>>>>>

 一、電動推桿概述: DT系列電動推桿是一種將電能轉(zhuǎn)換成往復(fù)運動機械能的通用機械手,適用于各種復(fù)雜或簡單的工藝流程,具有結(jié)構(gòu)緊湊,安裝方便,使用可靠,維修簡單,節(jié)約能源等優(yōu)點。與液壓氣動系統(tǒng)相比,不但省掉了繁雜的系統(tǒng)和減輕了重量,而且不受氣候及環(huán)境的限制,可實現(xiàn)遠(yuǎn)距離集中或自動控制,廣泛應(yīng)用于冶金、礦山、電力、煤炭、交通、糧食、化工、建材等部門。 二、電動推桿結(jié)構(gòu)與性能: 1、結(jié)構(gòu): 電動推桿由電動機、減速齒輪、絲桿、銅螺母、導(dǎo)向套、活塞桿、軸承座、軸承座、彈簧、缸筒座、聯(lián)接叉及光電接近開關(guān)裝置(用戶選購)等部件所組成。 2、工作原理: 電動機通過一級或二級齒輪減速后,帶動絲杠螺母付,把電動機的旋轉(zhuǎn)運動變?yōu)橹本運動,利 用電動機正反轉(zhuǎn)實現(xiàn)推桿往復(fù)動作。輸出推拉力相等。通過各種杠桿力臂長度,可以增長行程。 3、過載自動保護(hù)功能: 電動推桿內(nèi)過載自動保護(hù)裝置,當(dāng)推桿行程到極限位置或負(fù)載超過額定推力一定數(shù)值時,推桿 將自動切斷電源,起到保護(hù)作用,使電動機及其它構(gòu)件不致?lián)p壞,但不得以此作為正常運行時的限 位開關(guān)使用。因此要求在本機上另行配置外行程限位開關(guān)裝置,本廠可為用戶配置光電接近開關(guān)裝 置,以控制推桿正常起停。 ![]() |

<<<<<
>>>>>

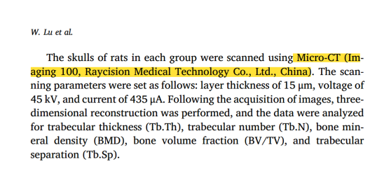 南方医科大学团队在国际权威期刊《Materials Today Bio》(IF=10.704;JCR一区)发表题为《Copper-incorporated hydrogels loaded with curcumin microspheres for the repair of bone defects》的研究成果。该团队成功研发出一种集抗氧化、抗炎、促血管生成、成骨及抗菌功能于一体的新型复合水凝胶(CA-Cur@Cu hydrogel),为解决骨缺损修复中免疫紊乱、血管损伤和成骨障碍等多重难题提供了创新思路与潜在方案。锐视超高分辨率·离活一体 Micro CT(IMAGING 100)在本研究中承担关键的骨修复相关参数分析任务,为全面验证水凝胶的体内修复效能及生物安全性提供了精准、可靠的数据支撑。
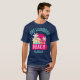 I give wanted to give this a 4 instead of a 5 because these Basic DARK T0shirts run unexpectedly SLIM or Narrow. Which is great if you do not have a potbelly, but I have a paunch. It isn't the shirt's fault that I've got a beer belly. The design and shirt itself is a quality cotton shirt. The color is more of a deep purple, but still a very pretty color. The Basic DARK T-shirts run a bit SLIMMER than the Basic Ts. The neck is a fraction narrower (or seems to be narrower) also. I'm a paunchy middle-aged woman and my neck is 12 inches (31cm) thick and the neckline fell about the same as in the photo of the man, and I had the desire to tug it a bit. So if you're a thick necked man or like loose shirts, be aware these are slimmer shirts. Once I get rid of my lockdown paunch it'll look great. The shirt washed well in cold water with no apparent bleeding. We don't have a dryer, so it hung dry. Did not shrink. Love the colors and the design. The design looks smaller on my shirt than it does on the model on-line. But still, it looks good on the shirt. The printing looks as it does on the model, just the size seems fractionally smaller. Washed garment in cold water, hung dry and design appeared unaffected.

<<<<<
>>>>>

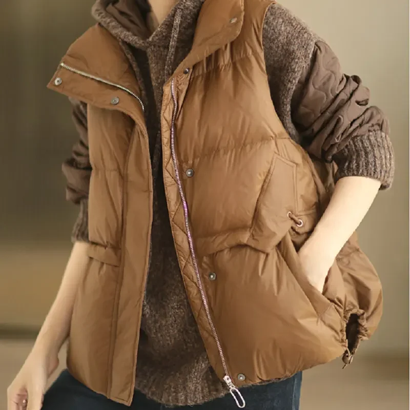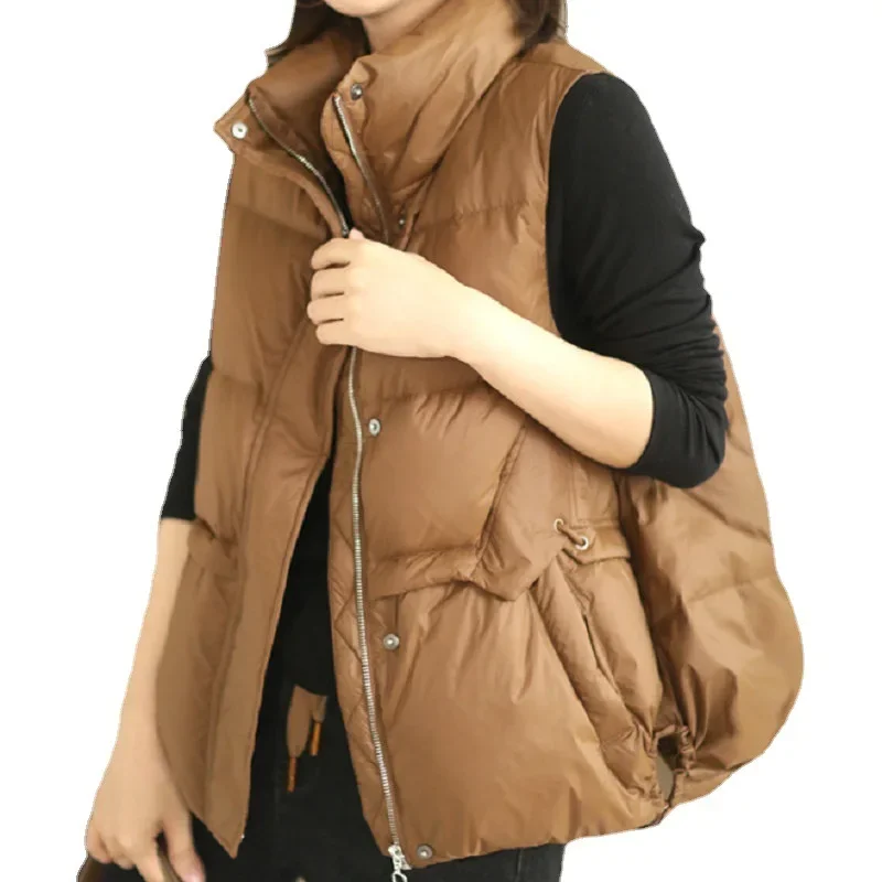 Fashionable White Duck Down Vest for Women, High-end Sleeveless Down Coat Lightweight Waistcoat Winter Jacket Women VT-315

<<<<<

## Work instruction
Starting with the line that has "Today Bio》(IF=10.704;JCR一区)发表题为《Copper-incorporated hydrogels" and going on through the line that has "I give wanted", transcribe the records above exactly, but skip the pictures.

## Result below
 南方医科大学团队在国际权威期刊《Materials Today Bio》(IF=10.704;JCR一区)发表题为《Copper-incorporated hydrogels loaded with curcumin microspheres for the repair of bone defects》的研究成果。该团队成功研发出一种集抗氧化、抗炎、促血管生成、成骨及抗菌功能于一体的新型复合水凝胶(CA-Cur@Cu hydrogel),为解决骨缺损修复中免疫紊乱、血管损伤和成骨障碍等多重难题提供了创新思路与潜在方案。锐视超高分辨率·离活一体 Micro CT(IMAGING 100)在本研究中承担关键的骨修复相关参数分析任务,为全面验证水凝胶的体内修复效能及生物安全性提供了精准、可靠的数据支撑。
 I give wanted to give this a 4 instead of a 5 because these Basic DARK T0shirts run unexpectedly SLIM or Narrow. Which is great if you do not have a potbelly, but I have a paunch. It isn't the shirt's fault that I've got a beer belly. The design and shirt itself is a quality cotton shirt. The color is more of a deep purple, but still a very pretty color. The Basic DARK T-shirts run a bit SLIMMER than the Basic Ts. The neck is a fraction narrower (or seems to be narrower) also. I'm a paunchy middle-aged woman and my neck is 12 inches (31cm) thick and the neckline fell about the same as in the photo of the man, and I had the desire to tug it a bit. So if you're a thick necked man or like loose shirts, be aware these are slimmer shirts. Once I get rid of my lockdown paunch it'll look great. The shirt washed well in cold water with no apparent bleeding. We don't have a dryer, so it hung dry. Did not shrink. Love the colors and the design. The design looks smaller on my shirt than it does on the model on-line. But still, it looks good on the shirt. The printing looks as it does on the model, just the size seems fractionally smaller. Washed garment in cold water, hung dry and design appeared unaffected.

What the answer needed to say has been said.